‘My Queerness Does Not Make Me Less Black,’ A Barbara Smith Inspired Panel

During the virtual event, clips of "Black Is...Black Ain't" were discussed in conjunction with Barbara Smith's commentary./Frameline

By Gabriela Flores 

 

    The intersection between race, gender, sexuality, and all other aspects that build identity have often shaped human experiences. As times have changed, more discussions of the complexity of identity and how it’s perceived in different communities have come about. On Oct. 12, Brooklyn College’s Wolfe Institute hosted a panel on these topics, along with the ongoing challenges the queer Black community faces.

   “You have to continue bringing these conversations of queerness within your own circle, within your family, within the structures that you see daily,” said Kaneita Marcelin, a BC student, activist, and artist, during the event. “Yes, I award every Black queer person that’s been able to succeed but there’s those of us that are still dying; there’s those of us that can’t find housing; there’s those of us who can’t find jobs because of our queerness.”

   Marcelin and three other panelists joined the conversation that was inspired by the current Hess Scholar-in-Residence Barbara Smith, a lesbian Black feminist who encouraged reflections on the intersectionality of patriarchy, heterosexuality, racism, and other structures. Together, moderated by Professor B Lee-Harrison Aultman, the panel shared their anecdotes and opinions about queerness within the Black community — and how too often it is shunned or unaccepted in different contexts.

   In doing so, the panelists and participants who tuned into the virtual round-table saw clips from “Black Is…Black Ain’t,” a documentary directed by Marlon Riggs that delves into the very themes of queerness, Black identity, masculinity, and femininity. One of the vignettes shown featured Smith discussing how she was attacked in a 1978 Black Women Writers conference at Howard University, a historically Black institution, for her essay critiquing how Black feminism at the time ostracized Black lesbians. In the clip, Smith recounted how the audience, who were mostly Black women, had one member commenting that to accept homosexuality in the Black community would mean endorsing “the death of our people.” 
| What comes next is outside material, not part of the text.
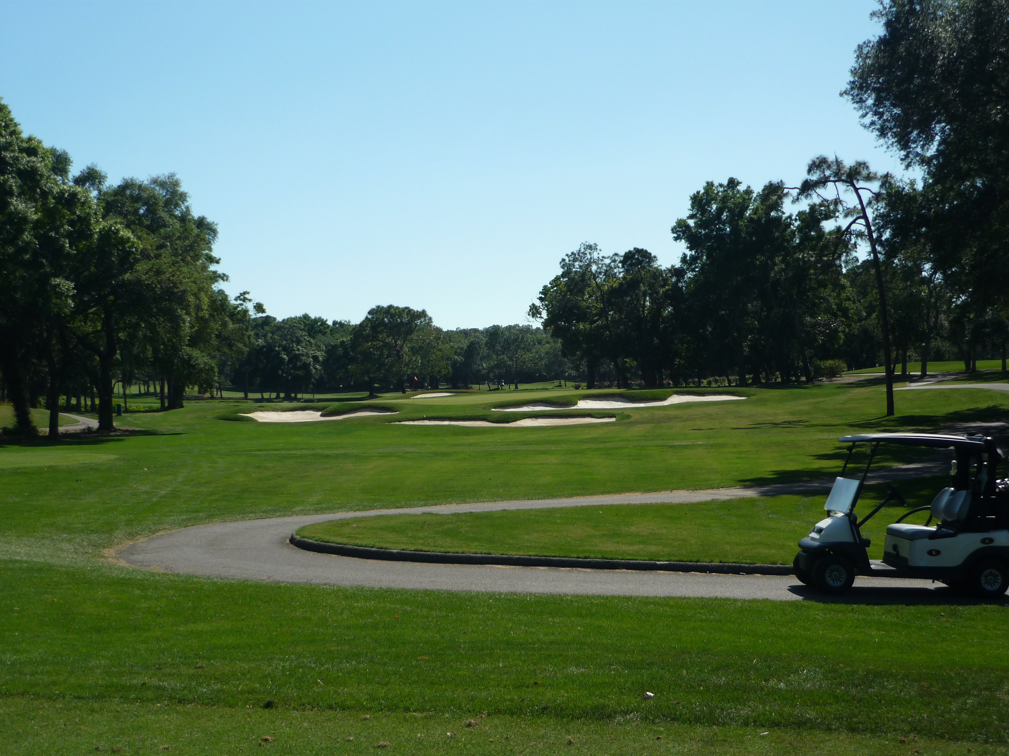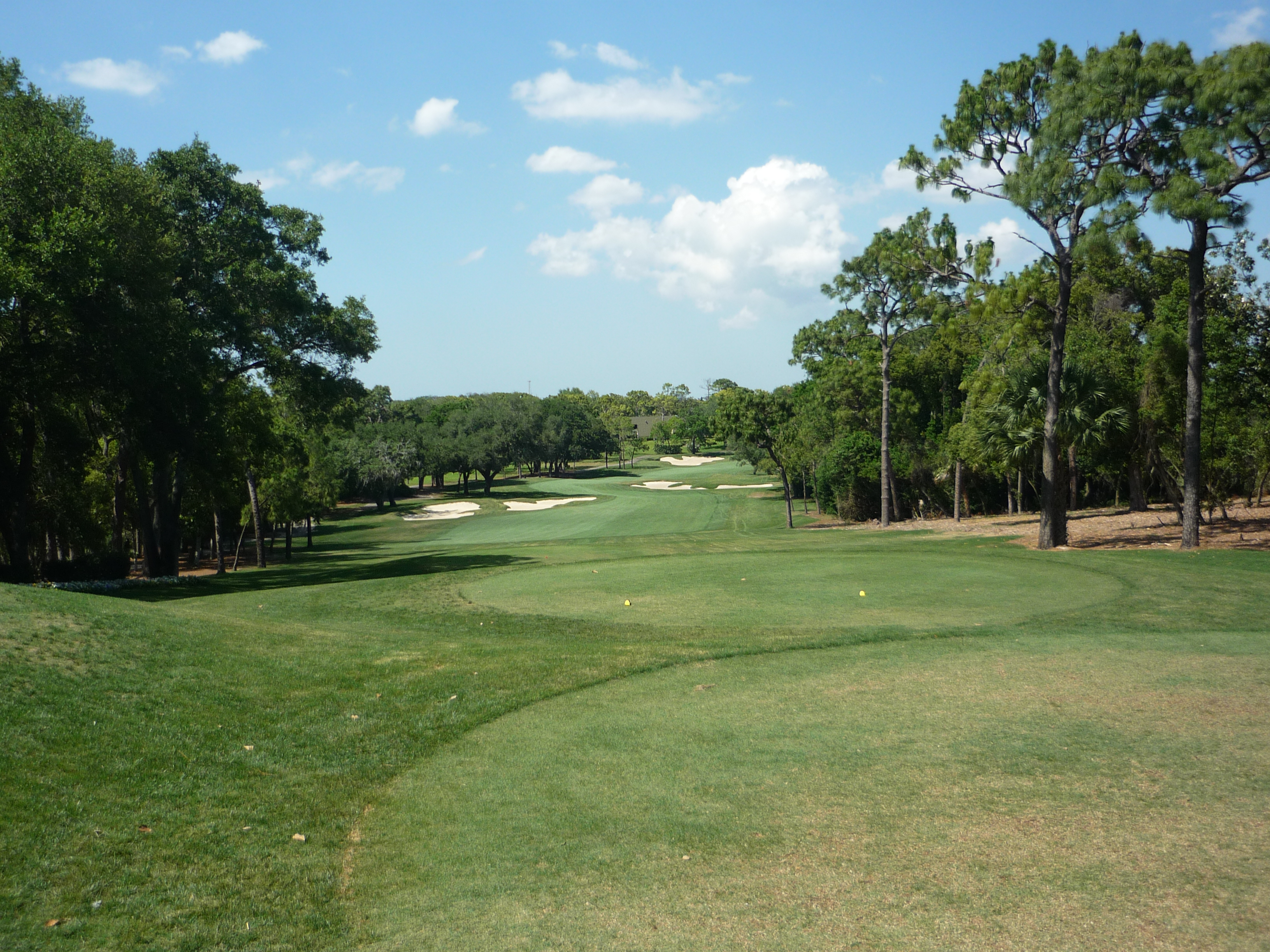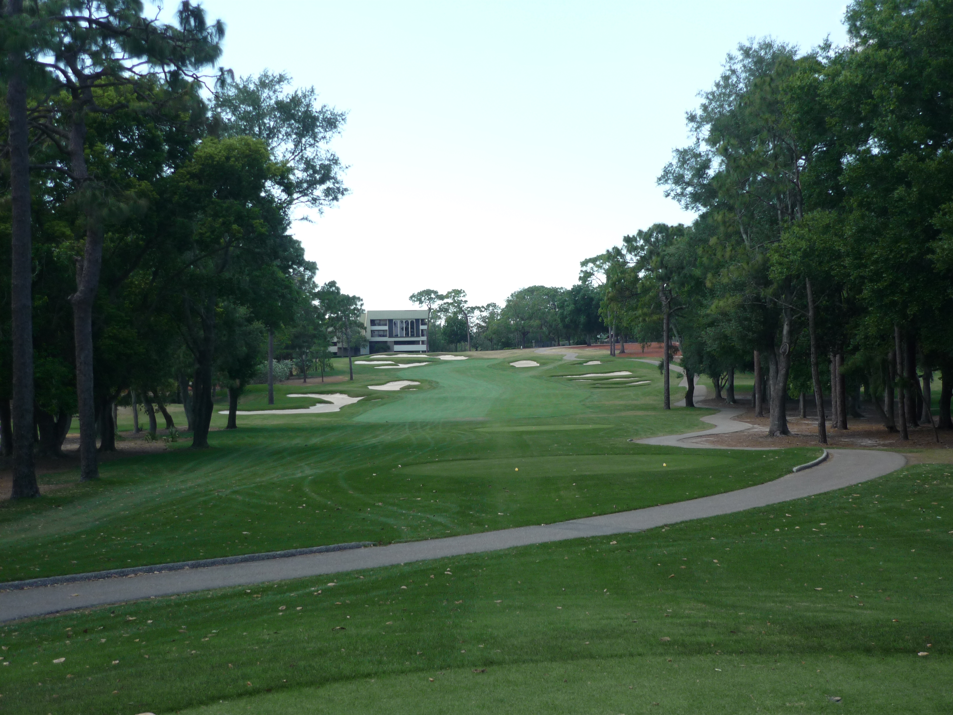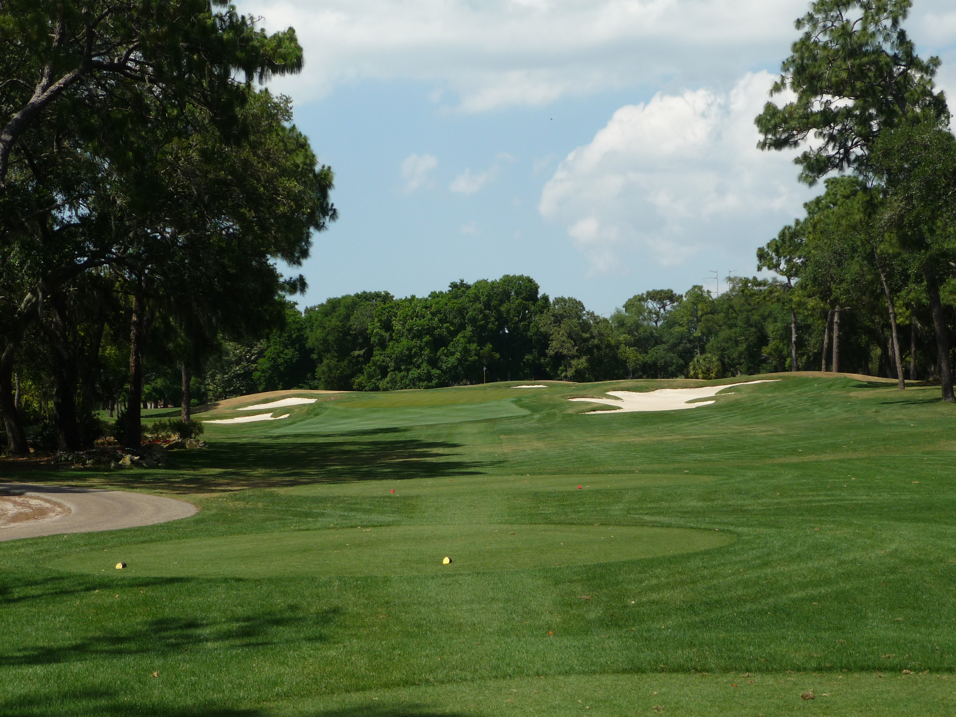 From our tees the hole is more tame but all of the bunkers are in play. Consequently, I made it into the left one but only had a wedge into the green. Finding the fairway is more important than distance.

   For some of the panelists, this notion of many cisgender Black women not accepting queerness within their community persists today. 

   “I feel that a lot of cis Black women they create, they have perpetuated, this homophobia, the transphobia, that currently exists in the Black community,” said panelist Kiara St. James, the founder and executive director of the New York Transgender Advocacy Group. Later in the discussion, she noted that often many cis Black women would enforce heterosexuality, and in turn, exercise homophobia or transphobia. 

   Smith, who was on the call, chimed in to recognize the fruitful ideas St. James and other speakers brought to the conversations she and her fellow activists began decades ago. In doing so, Smith reflected on the “brilliance” of their queerness.

   “That’s where being willing to go outside the expected patterns, then think of new things, even if you’re in nanoscience or something,” Smith said during the event, “that queerness really uplifts our capacity to dream, to create, and I’m just feeling so excited about being affiliated with Brooklyn College.”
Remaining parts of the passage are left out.